Rebekah Sheldon’s essay “Form / Matter / Chora” (Accepted for Publication in The Nonhuman Turn, forthcoming from the University of Minnesota Press) was awarded an honorable mention. The essay looks carefully at work in Object Oriented Ontology and Feminist New Materialism and considers why these two fields remain at a distance. To force a confrontation between the two, Sheldon argues for a strategy of what she calls “choratic reading.” Her argument asks scholars to consider how “acts of literature . . . including scholarly readings . . . are performed in material composition with the affordances of their media.” Beautifully written and elegantly argued, Sheldon’s essay offers a significant contribution to the studies of literature and science.

2014 Schachterle Essay Prize: Lance Schachterle, founding president of the society, established an annual prize of $250 in honor of his parents to recognize the best new essay on literature and science written in English by a non-tenured scholar. Eligible authors wishing to submit essays (published or accepted for publication) should send them prior to August 1 to SLSA’s Executive Director, Carol Colatrella, LMC, Georgia Institute of Technology via electronic mail to carol.colatrella@lmc.gatech.edu. Please send a copy of your formatted essay as a PDF or Word file, or send a pointer to a URL where the essay is posted.

Society for Literature, Science, and the Arts Michelle Kendrick Memorial Book Prize
Catherine Belling’s A Condition of Doubt: The Meaning of Hypochrondria (Oxford University Press, 2012) won the 2013 Michelle Kendrick Memorial Book Prize. Judges Lucinda Cole and Ron Schleifer provided the following commendation: “In this engagingly written book, Catherine Belling examines hypochondria in relation to biology, medicine, culture, and narrative.The Condition of Doubt offers a power history of hypochrondria, a counter-history to the Cartesian quest for certainty. It also suggests strategies, growing from literary studies, to make the case of illness and suffering more perspicacious, efficient, and compassionate.”


The 2014 Michelle Kendrick Memorial Book Prize will be awarded to the best academic book on literature, science, and the arts published by an SLSA member. The prize will be announced at the 2014 SLSA conference. Established in fall 2006 in memory of Michelle Kendrick of Washington State University-Vancouver, an energetic, well-loved scholar of literature and science and long-time member of SLSA, the Kendrick Prize is open to any book of original scholarship on literature, science, and the arts published between January 1 and December 31 of the prior year. The winner will receive $250.00. To be considered for this year’s Kendrick Prize, please send three copies of your book by June 1 to: Professor Robert Markley, Department of English, 608 South Wright Street, University of Illinois, Urbana, IL 61801.
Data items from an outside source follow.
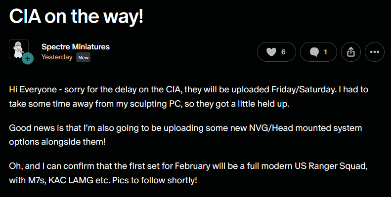This has been a quiet week for Spectre Miniatures fans who aren’t excited for Cosmic Horror’s launch on Kickstarter in March or interested in Out of Time. The only sign of life has been a single post on Spectre’s Patreon (pictured above) giving a generic “sorry for the delay”, some news about additional head-mounted systems to be included with the delayed CIA set and the news that this month’s main set will be a full modern US Ranger Squad with the M7 and KAC LAMG. This is a bit of a weird update post – why not mention to your fans about the fact that you’re in the middle of preparing for a Kickstarter, which might distract from sculpting time? Why not show off some of these head-mounted systems, be it the inspiration (or maybe play a little game with the hints)? And why, if the figures are so close to upload, would you not deliver another WIP preview of a figure to show things progressing? Hopefully, we’ll see the CIA set come out soon after this edition of The News Stand posts, but posts like this do give me a little concern – history may not be repeating itself yet, but I can already hear a little rhyming with the past.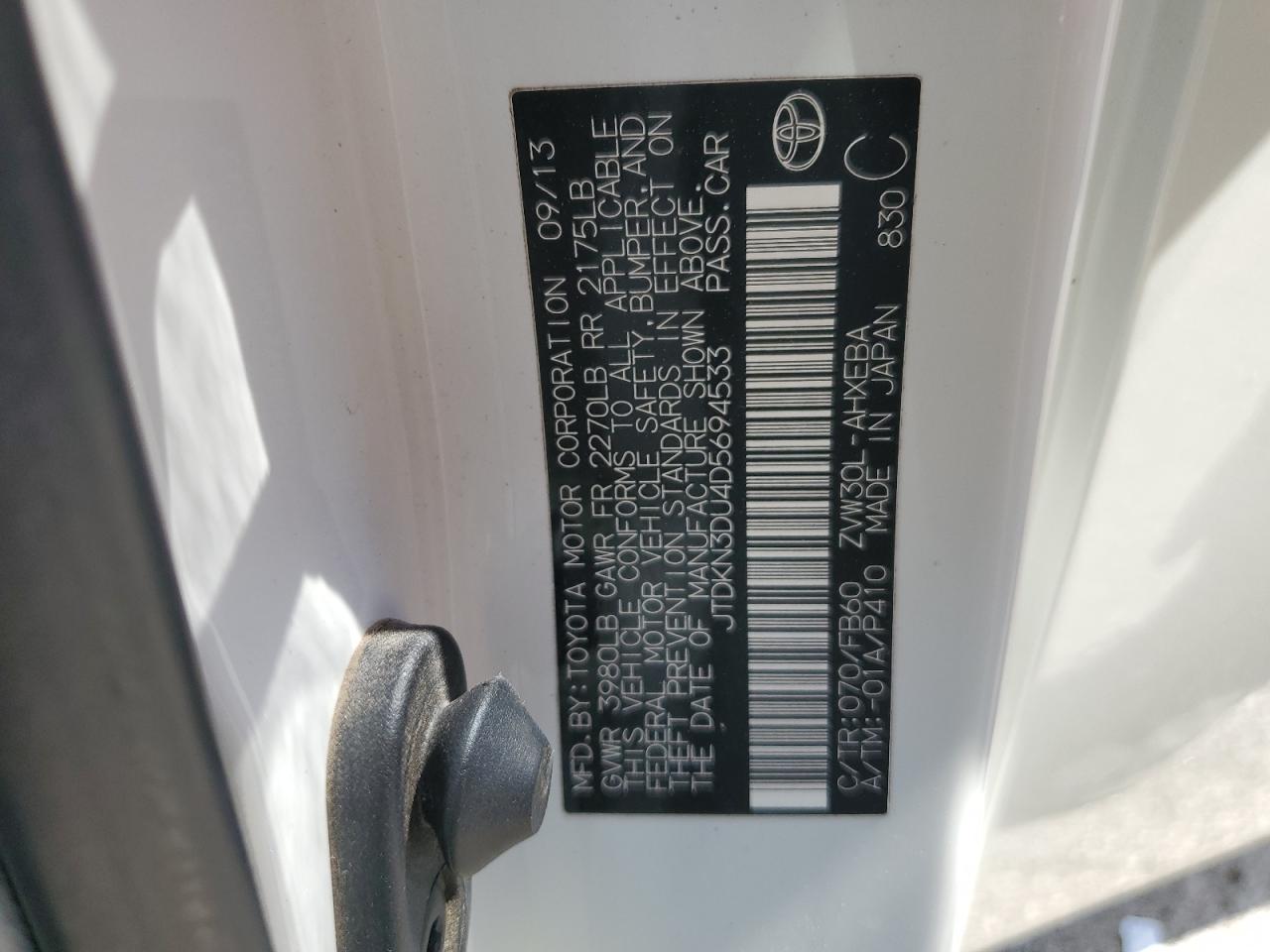 - ВИН: JTDKN3DU4D5******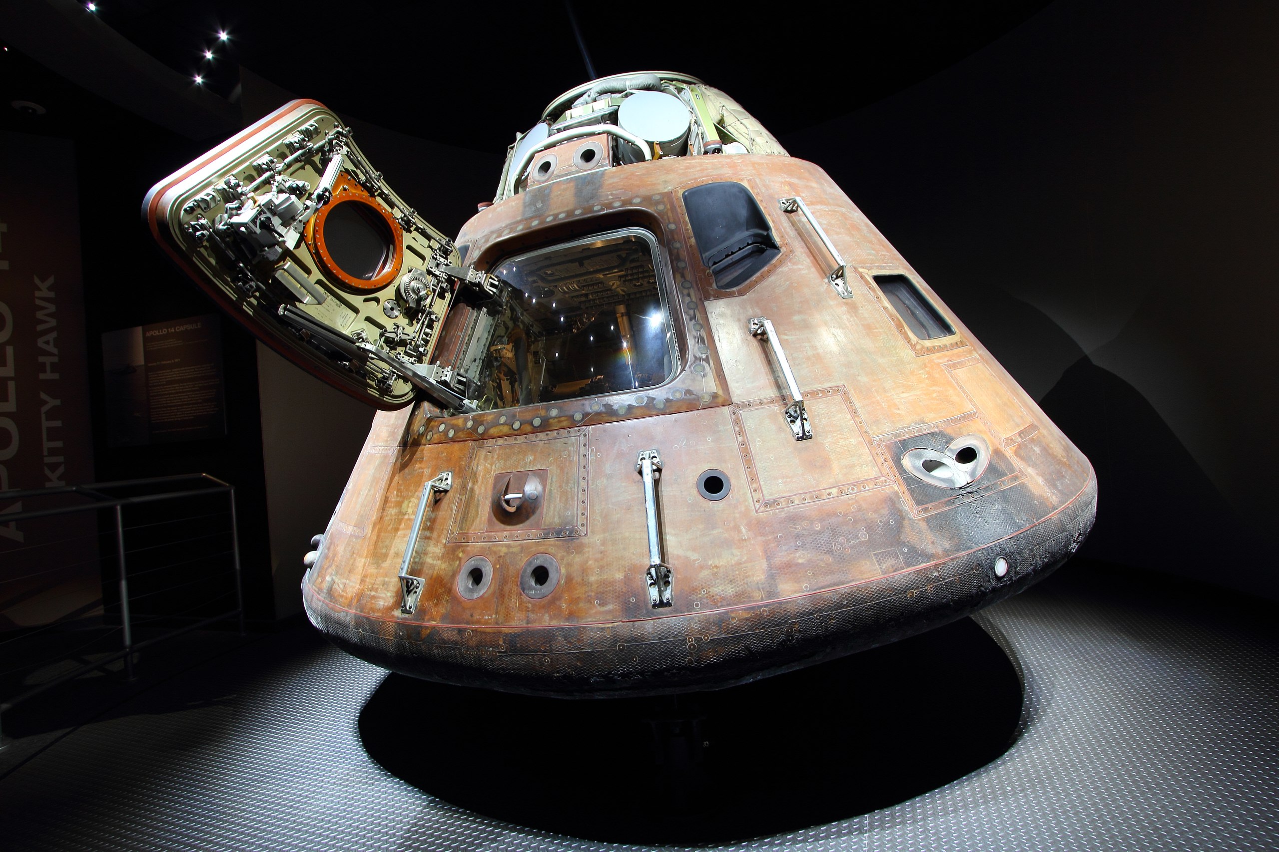 The 'Big Bertha' rock (Lunar Sample 14321) was the third largest rock collected during the Apollo program. A total of 94 pounds (43 kg) of Moon rocks, or lunar samples, were brought back from Apollo 14. Most are breccias, which are rocks composed of fragments of other, older rocks. Breccias form when the heat and pressure of meteorite impacts fuse small rock fragments together. There were a few basalts that were collected in this mission in the form of clasts (fragments) in breccia. The Apollo 14 basalts are generally richer in aluminum and sometimes richer in potassium than other lunar basalts. Most lunar mare basalts collected during the Apollo program were formed from 3.0 to 3.8 billion years ago. The Apollo 14 basalts were formed 4.0 to 4.3 billion years ago, older than the volcanism known to have occurred at any of the mare locations reached during the Apollo program. In January 2019 research showed that Big Bertha, which weighs 19.837 pounds (8.998 kg), has characteristics that make it likely to be a terrestrial (Earth) meteorite. Granite and quartz, which are commonly found on Earth but very rarely found on the Moon, were confirmed to exist on Big Bertha. To find the sample's age, the research team from Curtin University looked at bits of the mineral zircon embedded in its structure. "By determining the age of zircon found in the sample, we were able to pinpoint the age of the host rock at about four billion years old, making it similar to the oldest rocks on Earth," researcher Alexander Nemchin said, adding that "the chemistry of the zircon in this sample is very different from that of every other zircon grain ever analyzed in lunar samples, and remarkably similar to that of zircons found on Earth." This would mean Big Bertha is both the first discovered terrestrial meteorite and the oldest known Earth rock. Lunar orbit operationsRoosa spent almost two days alone aboard Kitty Hawk, performing the first intensive program of scientific observation from lunar orbit, much of which was intended to have been done by Apollo 13. After Antares separated and its crew began preparations to land, Roosa in Kitty Hawk performed an SPS burn to send the CSM to an orbit of approximately 60 nautical miles (110 km; 69 mi), and later a plane change maneuver to compensate for the rotation of the Moon. Roosa took pictures from lunar orbit. The Lunar Topographic Camera, also known as the Hycon camera, was supposed to be used to image the surface, including the Descartes Highlands site being considered for Apollo 16, but it quickly developed a fault with the shutter that Roosa could not fix despite considerable help from Houston. Although about half of the photographic targets had to be scrubbed, Roosa was able to obtain photographs of Descartes with a Hasselblad camera and confirm that it was a suitable landing point. Roosa also used the Hasselblad to take photographs of the impact point of Apollo 13's S-IVB near Lansburg B crater. After the mission, troubleshooting found a tiny piece of aluminum contaminating the shutter control circuit, which caused the shutter to operate continuously. Roosa was able to see sunlight glinting off Antares and view its lengthy shadow on the lunar surface on Orbit 17; on Orbit 29 he could see the sun reflecting off the ALSEP. He also took astronomical photographs, of the Gegenschein, and of the Lagrangian point of the Sun-Earth system that lies beyond the Earth (L2), testing the theory that the Gegenschein is generated by reflections off particles at L2. Performing the bistatic radar experiment, he also focused Kitty Hawk's VHF and S-band transmitters at the Moon so that they would bounce off and be detected on Earth in an effort to learn more about the depth of the lunar regolith. Return, splashdown and quarantineAntares lifted off from the Moon at 1:48:42 pm EST (18:48:42 UTC) on February 6, 1971. Following the first direct (first orbit) rendezvous on a lunar landing mission, docking took place an hour and 47 minutes later. Despite concerns based on the docking problems early in the mission, the docking was successful on the first attempt, though the LM's Abort Guidance System, used for navigation, failed just before the two craft docked. After crew, equipment, and lunar samples were transferred to Kitty Hawk, the ascent stage was jettisoned, and impacted the Moon, setting off waves registered by the seismometers from Apollo 12 and 14. A trans-earth injection burn took place on February 6 at 8:39:04 pm (February 7 at 01:39:04 UTC) taking 350.8 seconds, during Kitty Hawk's 34th lunar revolution. During the trans-earth coast, two tests of the oxygen system were performed, one to ensure the system would operate properly with low densities of oxygen in the tanks, the second to operate the system at a high flow rate, as would be necessary for the in-flight EVAs scheduled for Apollo 15 and later. Additionally, a navigation exercise was done to simulate a return to Earth following a loss of communications. All were successful. During his rest periods on the voyage, Mitchell conducted ESP experiments without NASA's knowledge or sanction, attempting by prearrangement to send images of cards he had brought with him to four people on Earth. He stated after the mission that two of the four had gotten 51 out of 200 correct (the others were less successful), whereas random chance would have dictated 40. On the final evening in space, the crew conducted a press conference, with the questions submitted to NASA in advance and read to the astronauts by the CAPCOM. The command module Kitty Hawk splashed down in the South Pacific Ocean on February 9, 1971, at 21:05 [UTC], approximately 900 miles (1,400 km) south of American Samoa. After recovery by the ship USS New Orleans, the crew was flown to Pago Pago International Airport in Tafuna, then to Honolulu, then to Ellington Air Force Base near Houston in a plane containing a Mobile Quarantine Facility trailer before they continued their qu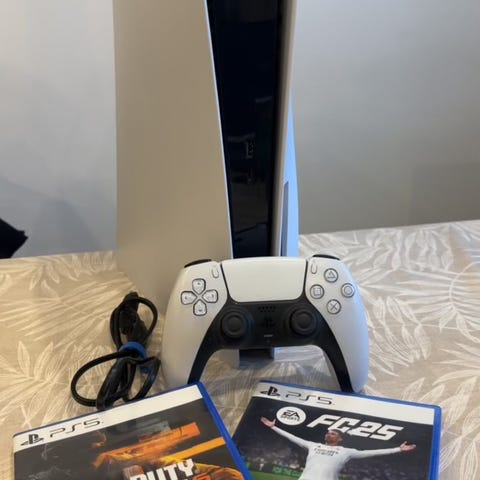 Säljer en PlayStation 5 med skivläsare i mycket fint skick. Konsolen fungerar perfekt och är sparsamt använd. Levereras komplett med originaltillbehör (handkontroll, kablar m.m.).
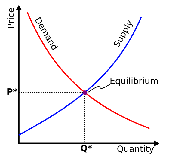 这张图要表达的内容是:在资源(包括个人、家庭、社会、国家等)有限的情况下,通过寻找供给(Supply)和需求(Demand)之间的平衡点(Equilibrium),以达到资源的最优化配置。这是所有经济学研究理论最重要,也是最底层的逻辑。现代经济学学习会涉及的其他原理及模型,都是从这个基本的概念衍生出来的。

Donations for the Kendrick Prize (checks made out to SLSA, with Kendrick Prize in memo) can be sent to: Carol Colatrella, SLSA Executive Director, LCC, Georgia Tech, 686 Cherry Street, Atlanta, GA 30332-0165

 

Note: all of the awards described above are presented during the Business Meeting of the annual fall conference. One may submit only one entry to one of the two essay prize competitions.


SLSA Lifetime Achievement Award
, presented by President Laura Otis to Katherine Hayles
On behalf of SLSA, I am delighted to present Kate Hayles with our award for a career of outstanding achievement in Literature, Science, and the Arts. I have known Kate Hayles ever since we attacked an abandoned cake together in Albany at the 1988 meeting, and for 25 years I have been grateful for her warmth and generosity as a mentor. Many people in this room have benefited from the initiative she has taken in founding, maintaining, and fighting for the field in which we now work. Only someone with powerful intelligence, real-world political savvy, and a sense of humor could have done this.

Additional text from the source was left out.